**Exercise objective**
The pictures in the listing below are to be skipped, while the lines between the line holding "Redfish Fishing Grass" and the line holding "Thessaly. Larissa. AR", inclusive, are to be output exactly.

**Given data**
# # # # # # #

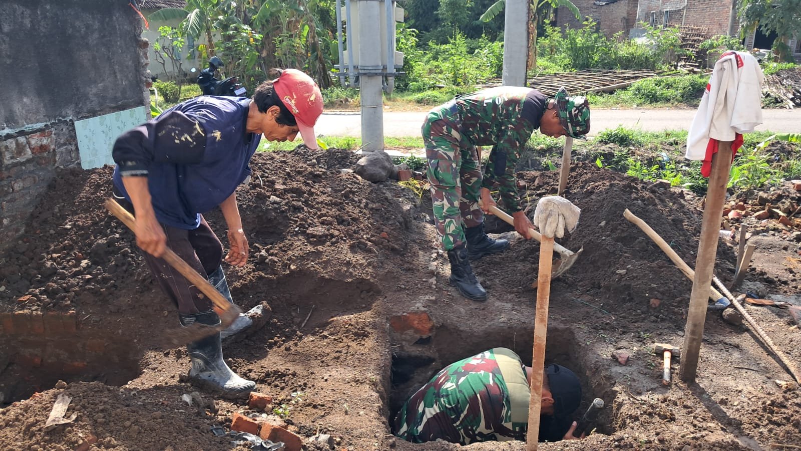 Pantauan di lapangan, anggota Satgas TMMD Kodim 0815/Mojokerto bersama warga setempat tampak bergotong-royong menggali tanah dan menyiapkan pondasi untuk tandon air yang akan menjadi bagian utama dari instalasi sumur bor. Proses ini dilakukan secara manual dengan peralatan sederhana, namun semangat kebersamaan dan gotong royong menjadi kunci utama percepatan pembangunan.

# # # # # # #

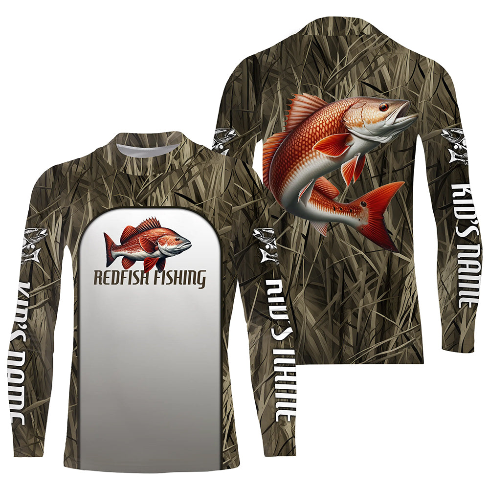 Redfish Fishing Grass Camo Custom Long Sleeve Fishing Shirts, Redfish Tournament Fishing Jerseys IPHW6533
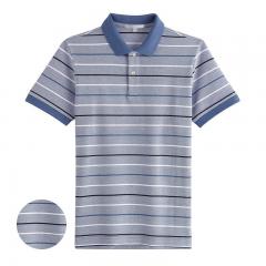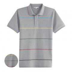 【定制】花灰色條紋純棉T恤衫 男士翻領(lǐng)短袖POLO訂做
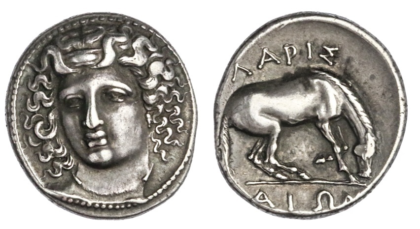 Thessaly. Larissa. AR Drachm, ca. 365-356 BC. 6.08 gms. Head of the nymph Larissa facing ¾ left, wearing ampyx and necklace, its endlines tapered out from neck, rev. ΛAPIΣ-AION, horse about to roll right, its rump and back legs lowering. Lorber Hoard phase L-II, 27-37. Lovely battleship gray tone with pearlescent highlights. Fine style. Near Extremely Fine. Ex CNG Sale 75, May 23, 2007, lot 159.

# # # # # # #

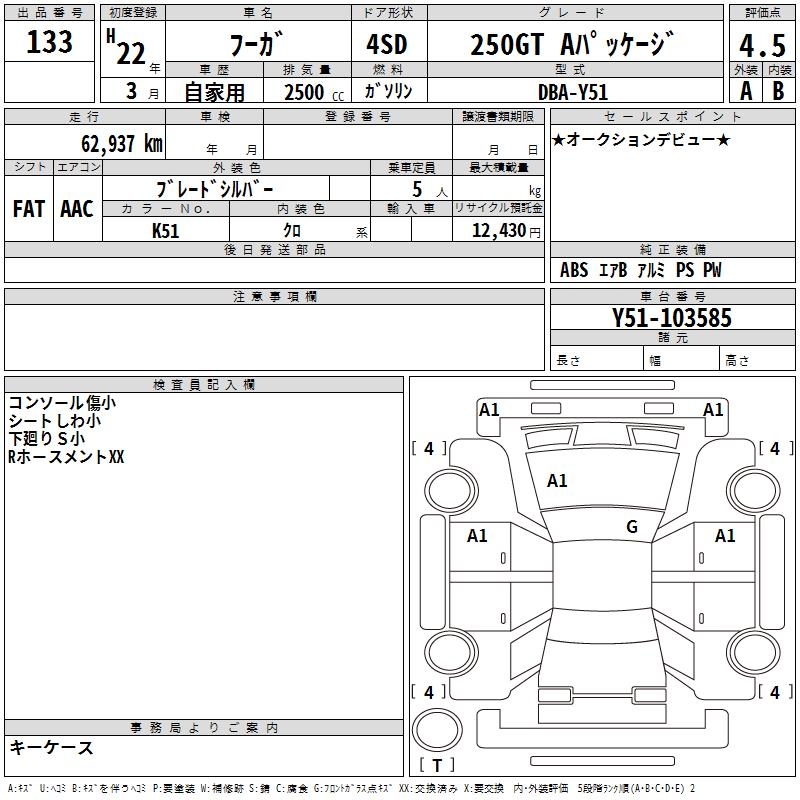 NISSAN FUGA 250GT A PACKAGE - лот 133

# # # # # # #

**Output below**
 Redfish Fishing Grass Camo Custom Long Sleeve Fishing Shirts, Redfish Tournament Fishing Jerseys IPHW6533
 【定制】花灰色條紋純棉T恤衫 男士翻領(lǐng)短袖POLO訂做
 Thessaly. Larissa. AR Drachm, ca. 365-356 BC. 6.08 gms. Head of the nymph Larissa facing ¾ left, wearing ampyx and necklace, its endlines tapered out from neck, rev. ΛAPIΣ-AION, horse about to roll right, its rump and back legs lowering. Lorber Hoard phase L-II, 27-37. Lovely battleship gray tone with pearlescent highlights. Fine style. Near Extremely Fine. Ex CNG Sale 75, May 23, 2007, lot 159.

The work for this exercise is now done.